(Exercise) Pictures found in the material must be left out, and every line returned as written.

(Collected data)

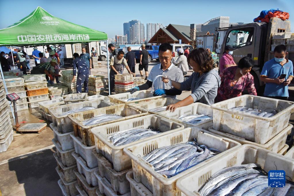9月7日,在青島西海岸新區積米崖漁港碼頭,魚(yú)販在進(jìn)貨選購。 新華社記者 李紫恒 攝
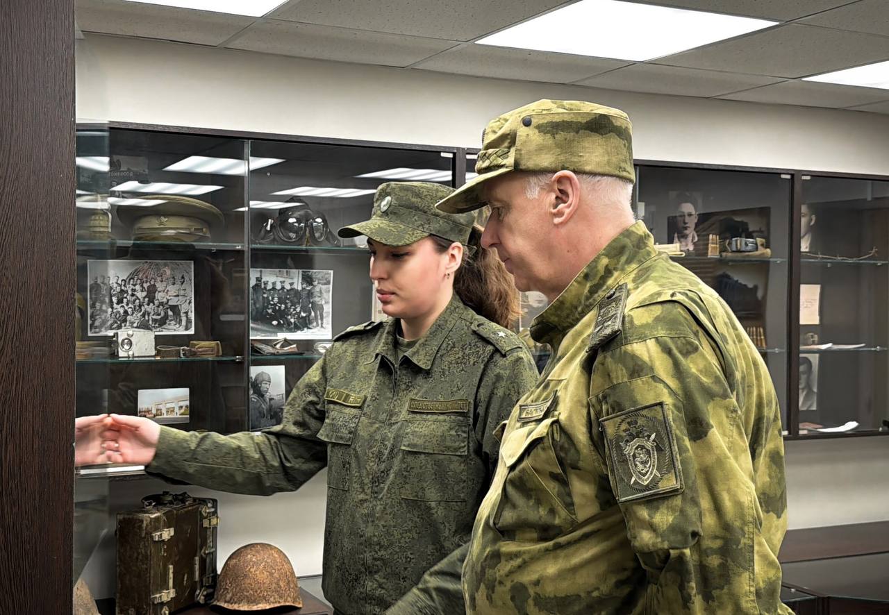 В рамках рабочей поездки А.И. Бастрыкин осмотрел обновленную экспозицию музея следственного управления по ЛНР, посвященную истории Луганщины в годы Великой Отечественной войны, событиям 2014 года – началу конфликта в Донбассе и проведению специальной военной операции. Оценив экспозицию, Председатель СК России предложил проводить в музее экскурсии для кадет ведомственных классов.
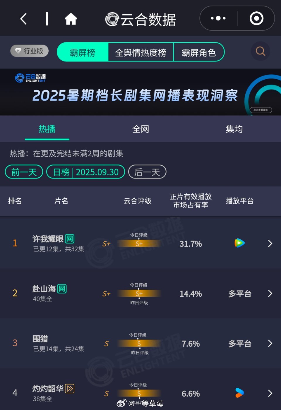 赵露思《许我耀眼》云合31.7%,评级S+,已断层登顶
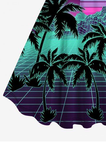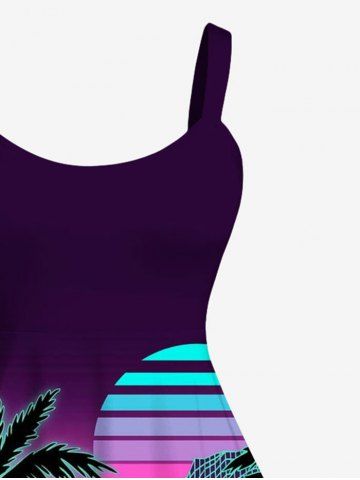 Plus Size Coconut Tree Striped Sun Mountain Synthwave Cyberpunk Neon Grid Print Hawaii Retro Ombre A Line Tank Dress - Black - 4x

(Problem solution)
9月7日,在青島西海岸新區積米崖漁港碼頭,魚(yú)販在進(jìn)貨選購。 新華社記者 李紫恒 攝
 В рамках рабочей поездки А.И. Бастрыкин осмотрел обновленную экспозицию музея следственного управления по ЛНР, посвященную истории Луганщины в годы Великой Отечественной войны, событиям 2014 года – началу конфликта в Донбассе и проведению специальной военной операции. Оценив экспозицию, Председатель СК России предложил проводить в музее экскурсии для кадет ведомственных классов.
 赵露思《许我耀眼》云合31.7%,评级S+,已断层登顶
 Plus Size Coconut Tree Striped Sun Mountain Synthwave Cyberpunk Neon Grid Print Hawaii Retro Ombre A Line Tank Dress - Black - 4x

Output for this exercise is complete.